Deputy Governor of North Carolina Acting
- In office 1706–1708
- Preceded by: Thomas Cary
- Succeeded by: Thomas Cary

Personal details
- Born: 1653 Farham (present day Rappahannock County), Virginia
- Died: 1713 Henrico County, Virginia
- Spouse(s): Mary Ann Burton (m. 1684) Catalina Atwood (m. 1705)
- Children: 6
- Occupation: Lawyer

= William Glover (North Carolina politician) =

 William Glover (1653–1713) was the Acting Deputy Governor of North Carolina from 1706 to 1708.

== Biography ==
William Glover was born in Farham (in modern Rappahannock, Virginia) in or around 1653. His father was Richard Glover and his mother Mary Maria (Broeck) Booker.

Glover practiced law for many years before entering government work, where he served as a clerk of court and as secretary to the Crown. Between 1700 and 1712 he was part of the Executive Council, serving either as a member or as chairman. During this time at the council, certain people became hostile towards him.

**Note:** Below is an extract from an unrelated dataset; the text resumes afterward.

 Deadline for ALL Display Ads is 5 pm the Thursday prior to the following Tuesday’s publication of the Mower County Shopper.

Between 1706 and 1707, while Thomas Cary was in South Carolina, Glover governed North Carolina in his place. In October of that year, John Porter, who was responsible for formally dismissing Thomas Cary, elected new members of the council. Glover who had been acting as governor, was formally elected to the position. However Cary and Glover were never able to resolve their problems.

Glover believed that Quakers should not be able to hold office, so he advocated for the swearing of an oath for every government position. This prevented Quakers from taking up any government position because their religion prevented them from swearing oaths.

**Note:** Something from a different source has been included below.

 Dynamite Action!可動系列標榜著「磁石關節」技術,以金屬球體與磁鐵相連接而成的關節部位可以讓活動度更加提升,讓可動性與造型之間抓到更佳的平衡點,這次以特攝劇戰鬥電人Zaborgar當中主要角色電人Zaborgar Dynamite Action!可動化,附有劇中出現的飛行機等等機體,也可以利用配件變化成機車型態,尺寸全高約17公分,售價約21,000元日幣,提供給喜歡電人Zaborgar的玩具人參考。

However, in the summer of 1708, Porter called a meeting of councilors, both those who held that job at the time & those who had done it before, and declared the election of Glover as illegal. Porter decided to support Cary after Glover attempted to prevent Quakers from attaining public office. This resulted in Cary/Glover both trying to occupy governmental power, causing turmoil in North Carolina. In October 1708, they tried to resolve their conflict in the assembly. However, Cary's supporters controlled the assembly and elected Cary as governor. Glover then moved to Virginia alleging that Cary wanted to kill him.

Glover served as a trustee between 1711 and 1712 under Governor Edward Hyde, who supported Cary. Taking advantage of continuing tensions among Anglicans (supported by Glover) & dissidents (supported by Cary), Cary's Rebellion against Glover was waged. He died in 1713 at the age of 60.

== Personal life ==
Glover married Mary Ann Burton on 22 October 1684 in Farham, Virginia. They had 5 children: Dorothy, Thomas, Charlesworth, Joseph and William Glover. He later remarried to Catherine Atwood on 7 October 1705 in Virginia, with whom he had one daughter, Elizabeth Glover.